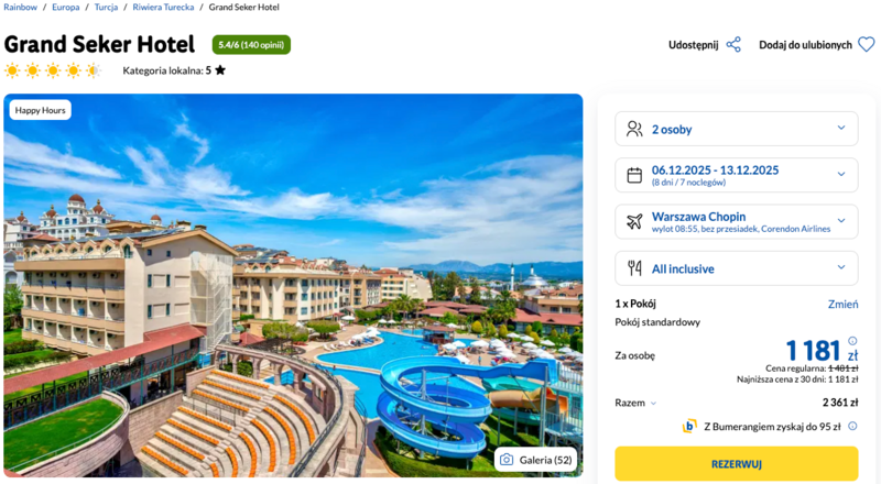 Misją Lastminuter.pl jest przedstawienie Ci najlepszych zdaniem naszej redakcji okazji na podróże. Opisujemy oferty znalezione przez nas w internecie i wskazujemy adresy internetowe, pod którymi samodzielnie możesz wykupić podróż lub elementy podróży. Ceny w artykułach są aktualne w chwili publikacji. Możemy otrzymywać wynagrodzenie od partnerów handlowych, do których Cię przekierowujemy. Nie ma to wpływu na cenę Twojej wycieczki. Powielanie publikacji zabronione.
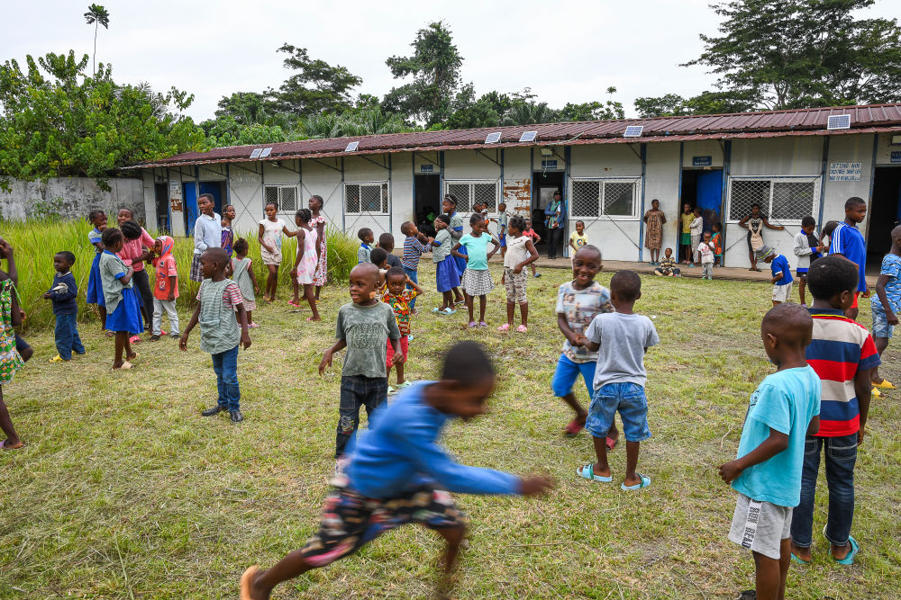 太陽升起,陽光灑在幾內(nèi)亞灣畔的喀麥隆克里比深水港。在距港口約25公里的恩杜馬萊村,10歲的布賴恩·芒格來到村里的小學(xué)參加暑期課外活動(dòng)。
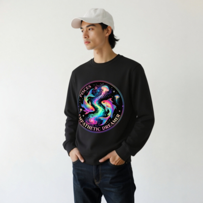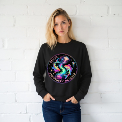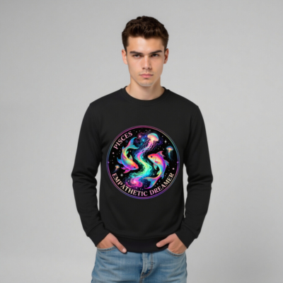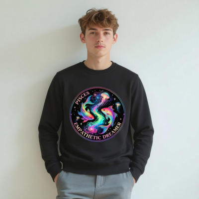 Celebrate your Pisces spirit with this unisex organic sweatshirt featuring a vibrant, cosmic design of rainbow koi fish and jellyfish swirling amid stars. The ‘Pisces Empathetic Dreamer’ circular motif captures the zodiac’s intuitive, dreamy essence. Soft, sustainable cotton blend — eco-conscious style for dreamers and empathetic souls. Perfect for astrology lovers seeking meaningful, high-quality apparel.
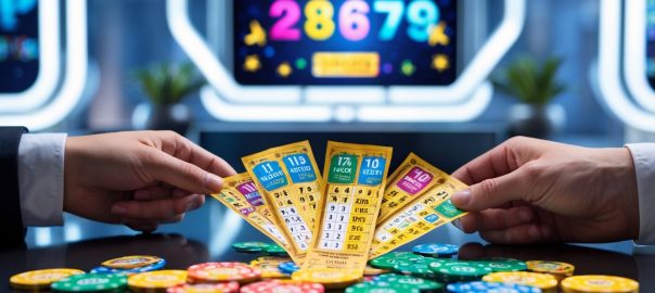 Tangan memegang tiket lotere berwarna-warni dan chip di atas meja dengan layar digital menampilkan angka jackpot di latar belakang.
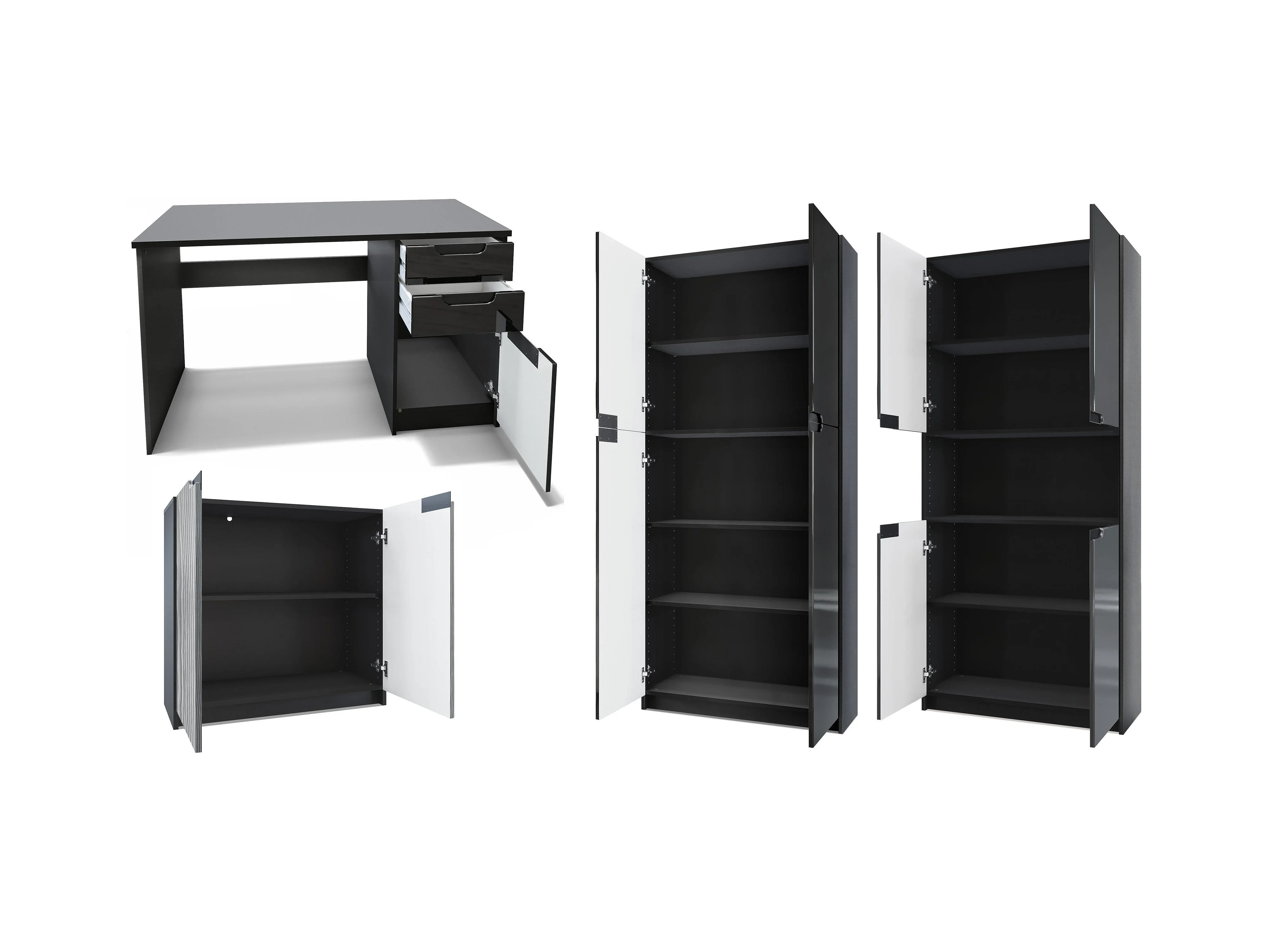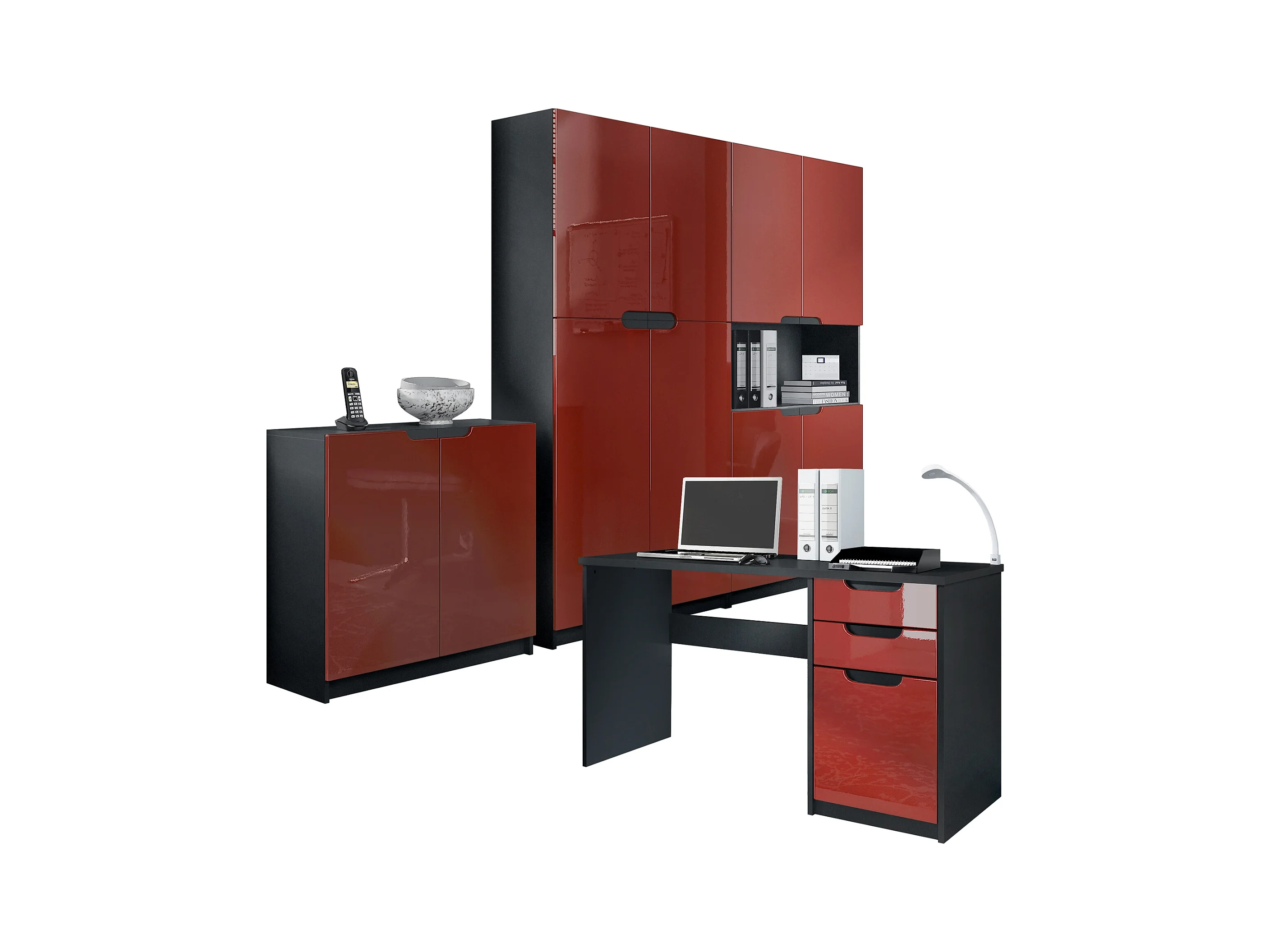 Ensemble de meubles de bureau Armoire Commode Rangement Logan, Corps en noir mat / Façades en bordeaux haute brillance
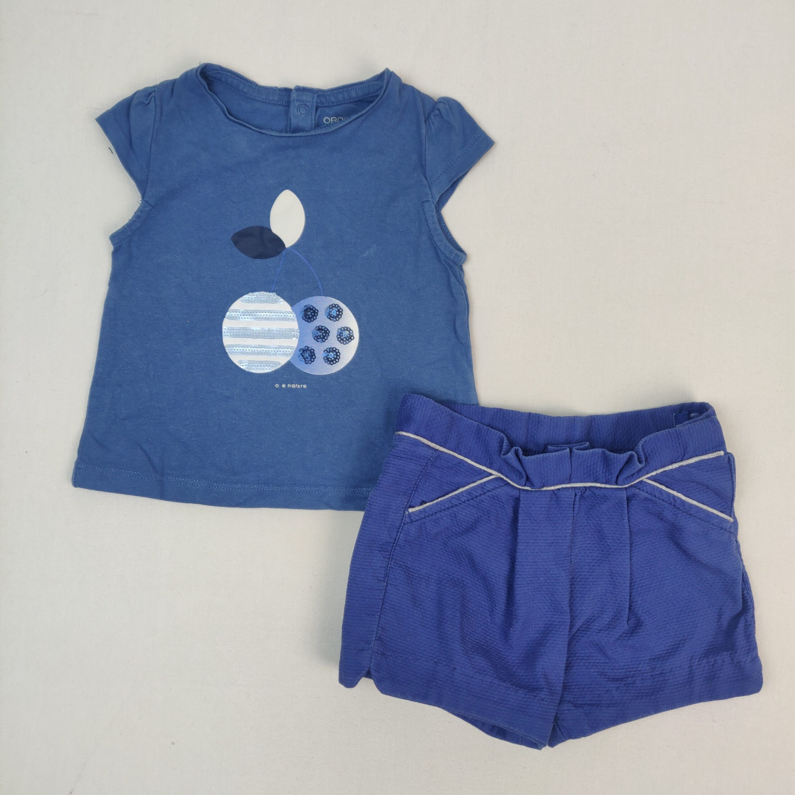 Autres commentaires : Ensemble 2 pièces : – T-shirt manches courtes, bleu ardoise, col rond, manches tres courtes un peu ballon, cerises bleues à sequins devant, fermeture par boutons pression au dos. – Short bleu indigo 100% coton, ceinture ajustable par élastique intérieur, fermeture par boutons pression sur le côté.

--------------------------------------------------

■ **Task directions**: Where a record holds a picture, leave the picture out and restate the rest word for word.

■ **Output below**:
 Misją Lastminuter.pl jest przedstawienie Ci najlepszych zdaniem naszej redakcji okazji na podróże. Opisujemy oferty znalezione przez nas w internecie i wskazujemy adresy internetowe, pod którymi samodzielnie możesz wykupić podróż lub elementy podróży. Ceny w artykułach są aktualne w chwili publikacji. Możemy otrzymywać wynagrodzenie od partnerów handlowych, do których Cię przekierowujemy. Nie ma to wpływu na cenę Twojej wycieczki. Powielanie publikacji zabronione.
 太陽升起,陽光灑在幾內(nèi)亞灣畔的喀麥隆克里比深水港。在距港口約25公里的恩杜馬萊村,10歲的布賴恩·芒格來到村里的小學(xué)參加暑期課外活動(dòng)。
 Celebrate your Pisces spirit with this unisex organic sweatshirt featuring a vibrant, cosmic design of rainbow koi fish and jellyfish swirling amid stars. The ‘Pisces Empathetic Dreamer’ circular motif captures the zodiac’s intuitive, dreamy essence. Soft, sustainable cotton blend — eco-conscious style for dreamers and empathetic souls. Perfect for astrology lovers seeking meaningful, high-quality apparel.
 Tangan memegang tiket lotere berwarna-warni dan chip di atas meja dengan layar digital menampilkan angka jackpot di latar belakang.
 Ensemble de meubles de bureau Armoire Commode Rangement Logan, Corps en noir mat / Façades en bordeaux haute brillance
 Autres commentaires : Ensemble 2 pièces : – T-shirt manches courtes, bleu ardoise, col rond, manches tres courtes un peu ballon, cerises bleues à sequins devant, fermeture par boutons pression au dos. – Short bleu indigo 100% coton, ceinture ajustable par élastique intérieur, fermeture par boutons pression sur le côté.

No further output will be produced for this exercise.